You can set the model using model URL or model ID.
Change these to whatever model you want to use
eg : MODEL_ID = 'asr-wav2vec2-base-960h-english'
You can also set a particular model version by specifying the version ID
eg: MODEL_VERSION_ID = "model_version"
Model class objects can be initialised by providing its URL or also by defining respective userId, appId and modelId
eg :
const model = new Model({
authConfig: {
userId: "clarifai",
appId: "main",
pat: process.env.CLARIFAI_PAT,
},
modelId: MODEL_ID,
});
*/
const audioUrl =
"https://s3.amazonaws.com/samples.clarifai.com/GoodMorning.wav";
/**
The predict API gives flexibility to generate predictions for data provided through URL, Filepath and bytes format.
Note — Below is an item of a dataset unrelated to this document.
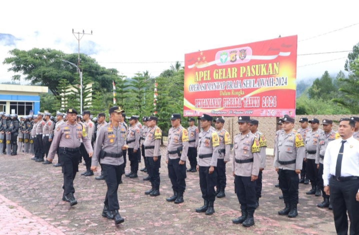 Gayo Lues – Dalam rangka mempersiapkan pengamanan Pilkada Serentak 2024, Kapolres Gayo Lues AKBP Setiyawan Eko Prasetiya, S.H., S.I.K., memimpin Apel Gelar Pasukan Operasi Mantap Praja Seulawah 2024 yang bertempat di Lapangan Apel Polres Gayo Lues, Apel yang dilaksanakan di wilayah hukum Polres Gayo Lues ini merupakan bagian dari upaya memastikan penyelenggaraan Pilkada berjalan dengan aman, sejuk, dan lancar. Senin, 26 Agustus 2024.

Example for prediction through Bytes:
const modelPrediction = await model.predictByBytes({
inputBytes,
inputType
});
Example for prediction through Filepath:
const modelPrediction = await model.predictByFilepath({
filepath,
inputType
});
*/
const modelUrl =
"https://clarifai.com/facebook/asr/models/asr-wav2vec2-large-robust-ft-swbd-300h-english";
const model = new Model({
url: modelUrl,
authConfig: {
pat: process.env.CLARIFAI_PAT,
},
});
const modelPrediction = await model.predictByUrl({
url: audioUrl,
inputType: "audio",
});
// Print the output
console.log(modelPrediction?.[0]?.data?.text?.raw);